◆ **Problem description**:
What is needed is an exact copy of the lines in the entries below from the one holding "在进行绑定操作时,如果关闭A" through the one holding "Nhà ngoại giao", pictures excluded.

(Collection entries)
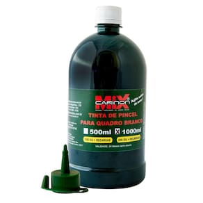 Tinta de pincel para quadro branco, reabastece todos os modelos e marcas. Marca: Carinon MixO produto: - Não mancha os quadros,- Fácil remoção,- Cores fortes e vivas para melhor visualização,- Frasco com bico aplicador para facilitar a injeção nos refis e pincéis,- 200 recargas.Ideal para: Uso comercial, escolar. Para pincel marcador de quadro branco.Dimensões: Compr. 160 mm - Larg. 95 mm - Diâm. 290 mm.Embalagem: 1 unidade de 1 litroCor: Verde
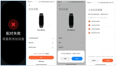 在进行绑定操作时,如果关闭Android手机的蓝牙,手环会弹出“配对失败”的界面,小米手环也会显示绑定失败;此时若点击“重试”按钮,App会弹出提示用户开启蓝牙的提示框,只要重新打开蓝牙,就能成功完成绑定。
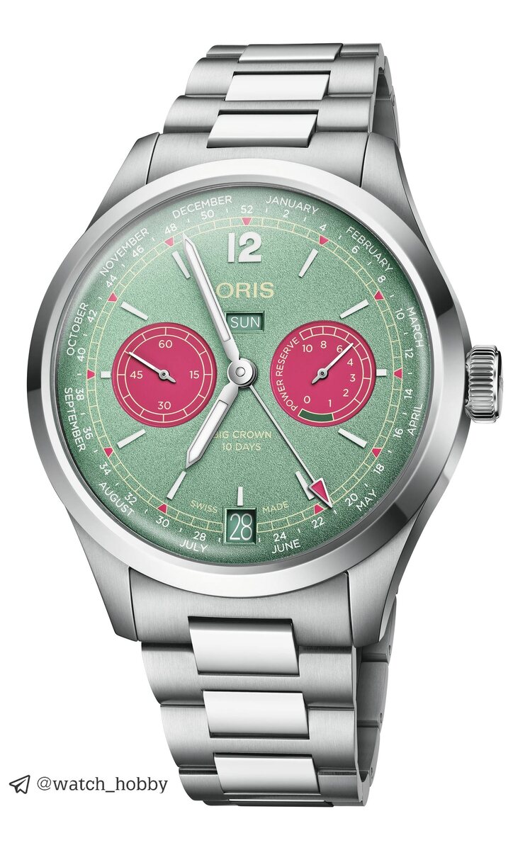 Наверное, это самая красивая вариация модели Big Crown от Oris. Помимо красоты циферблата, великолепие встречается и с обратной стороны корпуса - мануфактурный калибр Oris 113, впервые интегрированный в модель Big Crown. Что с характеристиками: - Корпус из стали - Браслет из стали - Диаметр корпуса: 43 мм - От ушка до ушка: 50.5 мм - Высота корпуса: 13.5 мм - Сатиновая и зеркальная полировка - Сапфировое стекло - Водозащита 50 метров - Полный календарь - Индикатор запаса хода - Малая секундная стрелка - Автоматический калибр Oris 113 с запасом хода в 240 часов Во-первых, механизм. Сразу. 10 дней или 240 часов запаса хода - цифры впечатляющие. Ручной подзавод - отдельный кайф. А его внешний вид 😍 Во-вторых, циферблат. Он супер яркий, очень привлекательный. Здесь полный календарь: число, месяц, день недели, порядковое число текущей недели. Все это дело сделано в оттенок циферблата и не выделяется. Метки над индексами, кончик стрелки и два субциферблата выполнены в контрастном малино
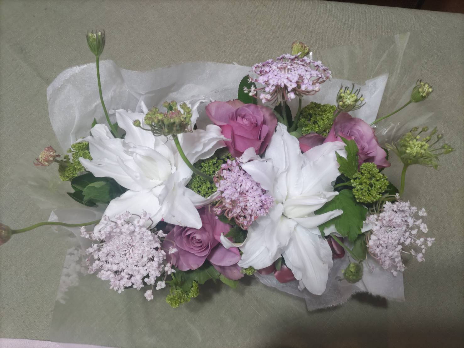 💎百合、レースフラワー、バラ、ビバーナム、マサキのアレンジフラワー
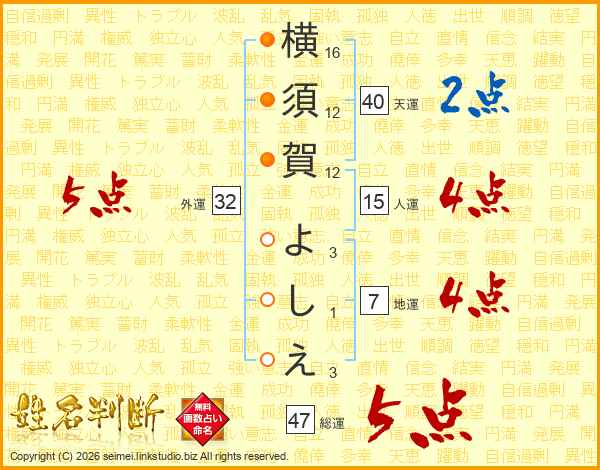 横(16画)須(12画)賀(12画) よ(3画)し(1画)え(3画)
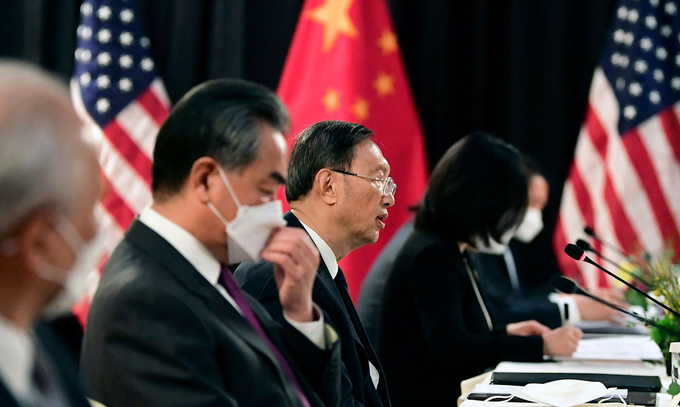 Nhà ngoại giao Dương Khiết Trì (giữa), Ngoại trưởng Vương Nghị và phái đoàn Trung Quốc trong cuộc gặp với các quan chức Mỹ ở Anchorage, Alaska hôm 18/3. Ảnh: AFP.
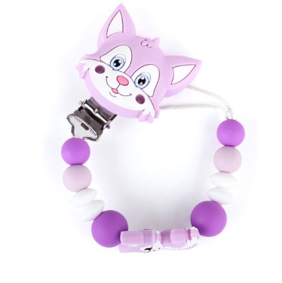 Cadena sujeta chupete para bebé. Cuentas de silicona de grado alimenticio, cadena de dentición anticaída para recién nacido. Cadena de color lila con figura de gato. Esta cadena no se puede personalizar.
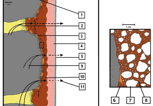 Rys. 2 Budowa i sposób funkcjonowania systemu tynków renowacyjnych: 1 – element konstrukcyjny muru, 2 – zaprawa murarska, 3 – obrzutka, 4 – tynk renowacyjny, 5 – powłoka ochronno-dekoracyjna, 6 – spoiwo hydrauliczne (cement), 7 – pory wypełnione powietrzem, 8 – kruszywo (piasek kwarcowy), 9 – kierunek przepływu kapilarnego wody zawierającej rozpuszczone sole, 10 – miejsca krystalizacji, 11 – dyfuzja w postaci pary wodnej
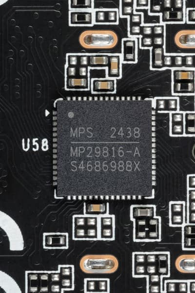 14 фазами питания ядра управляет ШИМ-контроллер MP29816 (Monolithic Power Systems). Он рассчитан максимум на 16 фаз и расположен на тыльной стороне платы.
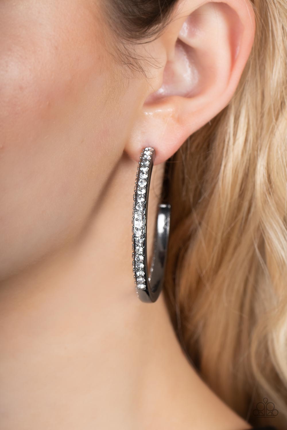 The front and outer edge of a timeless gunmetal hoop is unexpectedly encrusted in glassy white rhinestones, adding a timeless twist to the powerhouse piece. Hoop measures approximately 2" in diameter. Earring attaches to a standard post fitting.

◆ **Task solution**:
 在进行绑定操作时,如果关闭Android手机的蓝牙,手环会弹出“配对失败”的界面,小米手环也会显示绑定失败;此时若点击“重试”按钮,App会弹出提示用户开启蓝牙的提示框,只要重新打开蓝牙,就能成功完成绑定。
 Наверное, это самая красивая вариация модели Big Crown от Oris. Помимо красоты циферблата, великолепие встречается и с обратной стороны корпуса - мануфактурный калибр Oris 113, впервые интегрированный в модель Big Crown. Что с характеристиками: - Корпус из стали - Браслет из стали - Диаметр корпуса: 43 мм - От ушка до ушка: 50.5 мм - Высота корпуса: 13.5 мм - Сатиновая и зеркальная полировка - Сапфировое стекло - Водозащита 50 метров - Полный календарь - Индикатор запаса хода - Малая секундная стрелка - Автоматический калибр Oris 113 с запасом хода в 240 часов Во-первых, механизм. Сразу. 10 дней или 240 часов запаса хода - цифры впечатляющие. Ручной подзавод - отдельный кайф. А его внешний вид 😍 Во-вторых, циферблат. Он супер яркий, очень привлекательный. Здесь полный календарь: число, месяц, день недели, порядковое число текущей недели. Все это дело сделано в оттенок циферблата и не выделяется. Метки над индексами, кончик стрелки и два субциферблата выполнены в контрастном малино
 💎百合、レースフラワー、バラ、ビバーナム、マサキのアレンジフラワー
 横(16画)須(12画)賀(12画) よ(3画)し(1画)え(3画)
 Nhà ngoại giao Dương Khiết Trì (giữa), Ngoại trưởng Vương Nghị và phái đoàn Trung Quốc trong cuộc gặp với các quan chức Mỹ ở Anchorage, Alaska hôm 18/3. Ảnh: AFP.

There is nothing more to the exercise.